_DATA PROVIDED_

•••

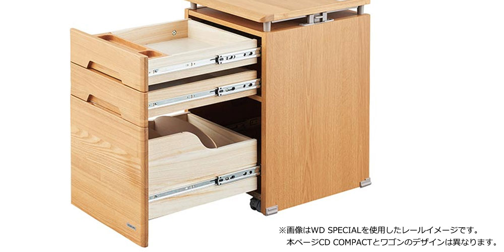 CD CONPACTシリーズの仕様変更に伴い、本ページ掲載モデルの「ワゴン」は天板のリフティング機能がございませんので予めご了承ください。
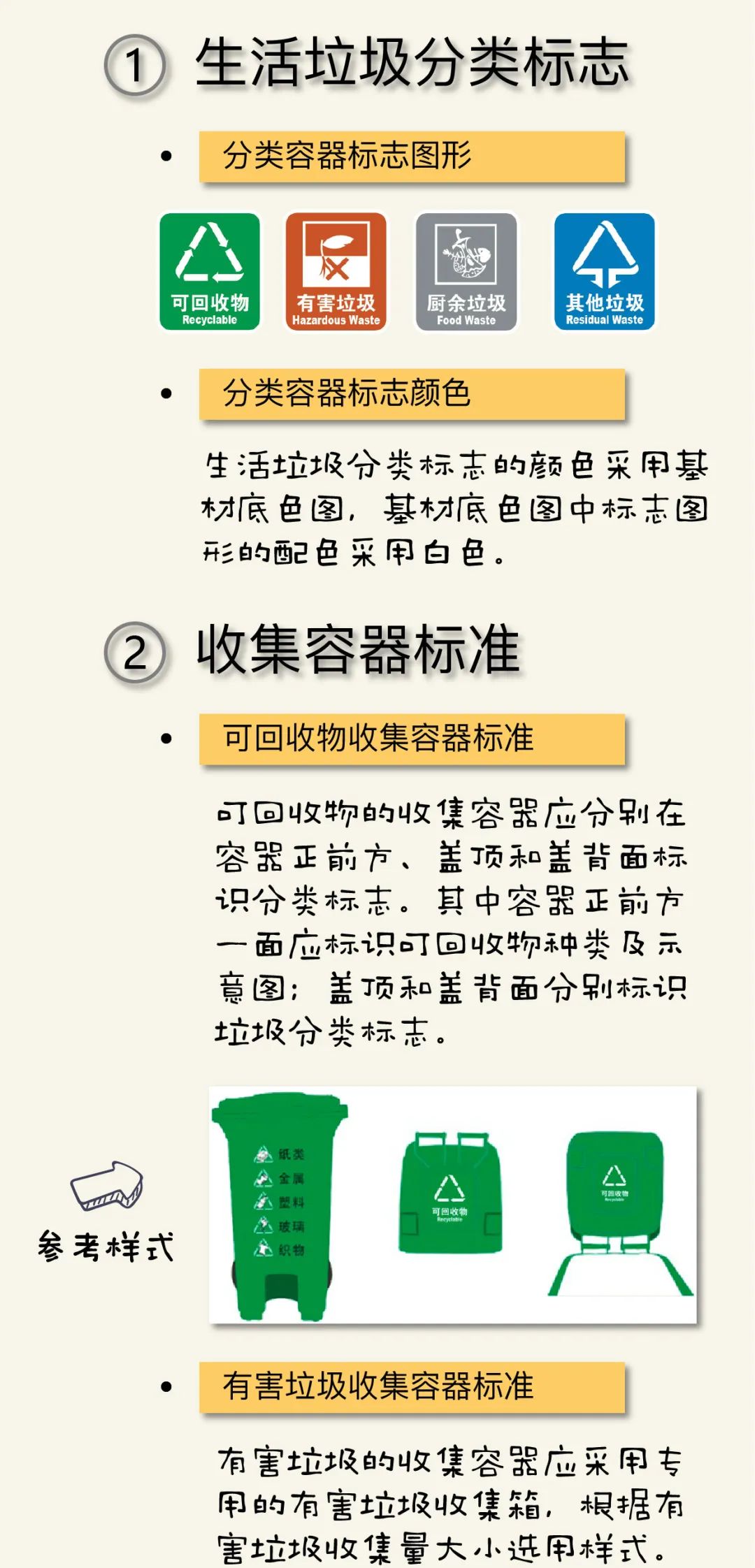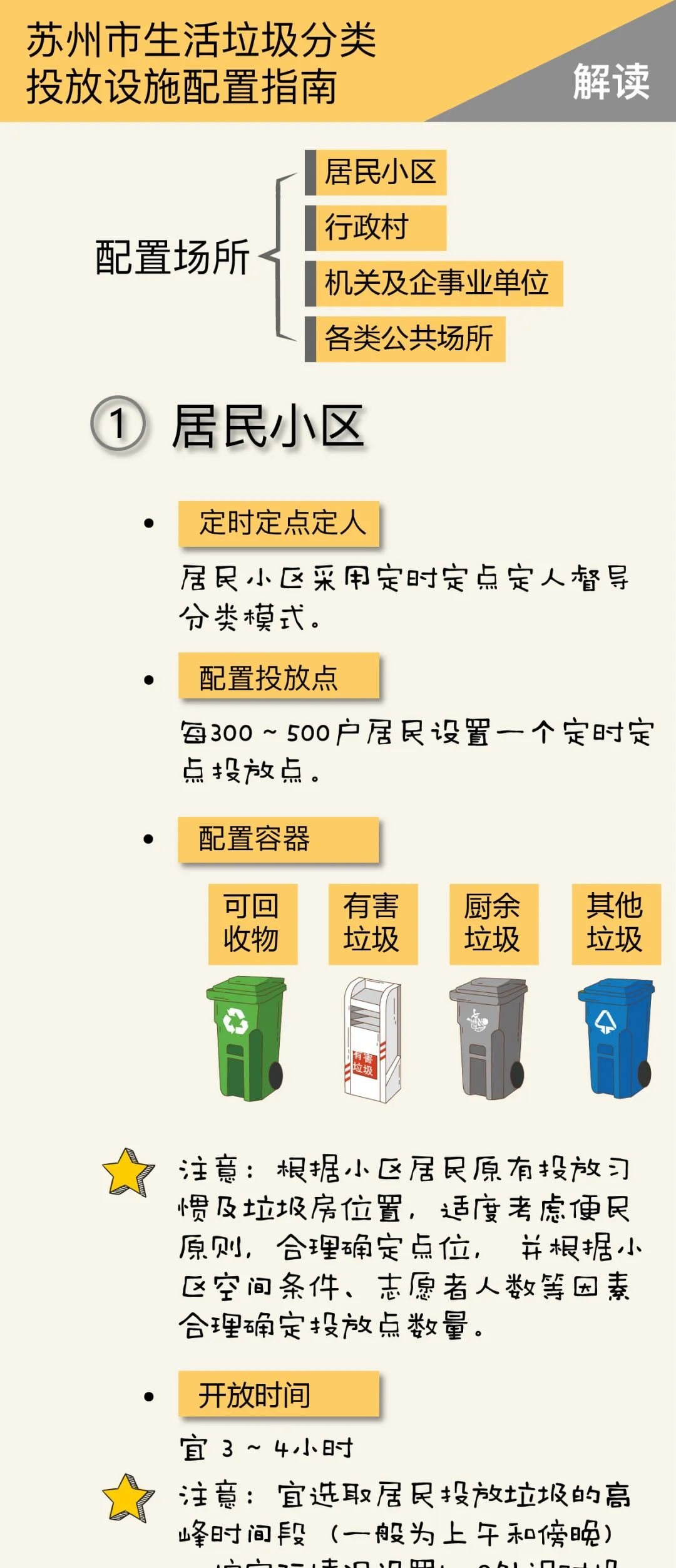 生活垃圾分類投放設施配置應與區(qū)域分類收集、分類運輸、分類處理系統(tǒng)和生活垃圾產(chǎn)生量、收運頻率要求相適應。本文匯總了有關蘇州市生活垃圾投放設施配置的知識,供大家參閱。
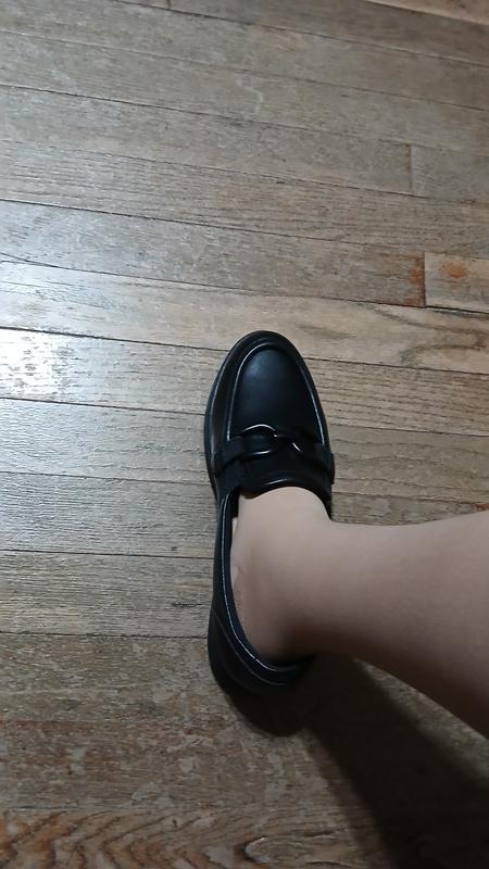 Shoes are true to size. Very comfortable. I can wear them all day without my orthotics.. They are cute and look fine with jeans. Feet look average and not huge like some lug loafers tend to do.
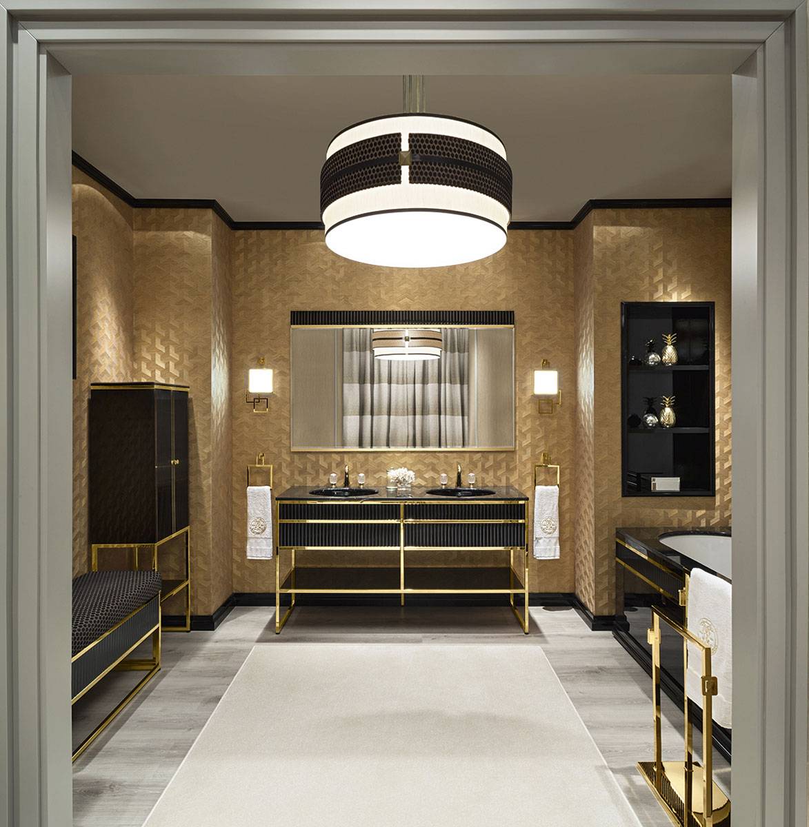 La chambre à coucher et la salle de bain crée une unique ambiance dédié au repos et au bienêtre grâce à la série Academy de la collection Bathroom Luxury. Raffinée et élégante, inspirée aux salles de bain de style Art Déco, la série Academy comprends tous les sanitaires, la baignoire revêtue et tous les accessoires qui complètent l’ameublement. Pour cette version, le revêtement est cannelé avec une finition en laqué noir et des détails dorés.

•••

_TASK TO CARRY OUT_
The line containing "生活垃圾分類投放設施配置應與" marks the end: transcribe every line from the start of the listing up to and including it, minus the pictures.

_EXPECTED OUTPUT_
 CD CONPACTシリーズの仕様変更に伴い、本ページ掲載モデルの「ワゴン」は天板のリフティング機能がございませんので予めご了承ください。
 生活垃圾分類投放設施配置應與區(qū)域分類收集、分類運輸、分類處理系統(tǒng)和生活垃圾產(chǎn)生量、收運頻率要求相適應。本文匯總了有關蘇州市生活垃圾投放設施配置的知識,供大家參閱。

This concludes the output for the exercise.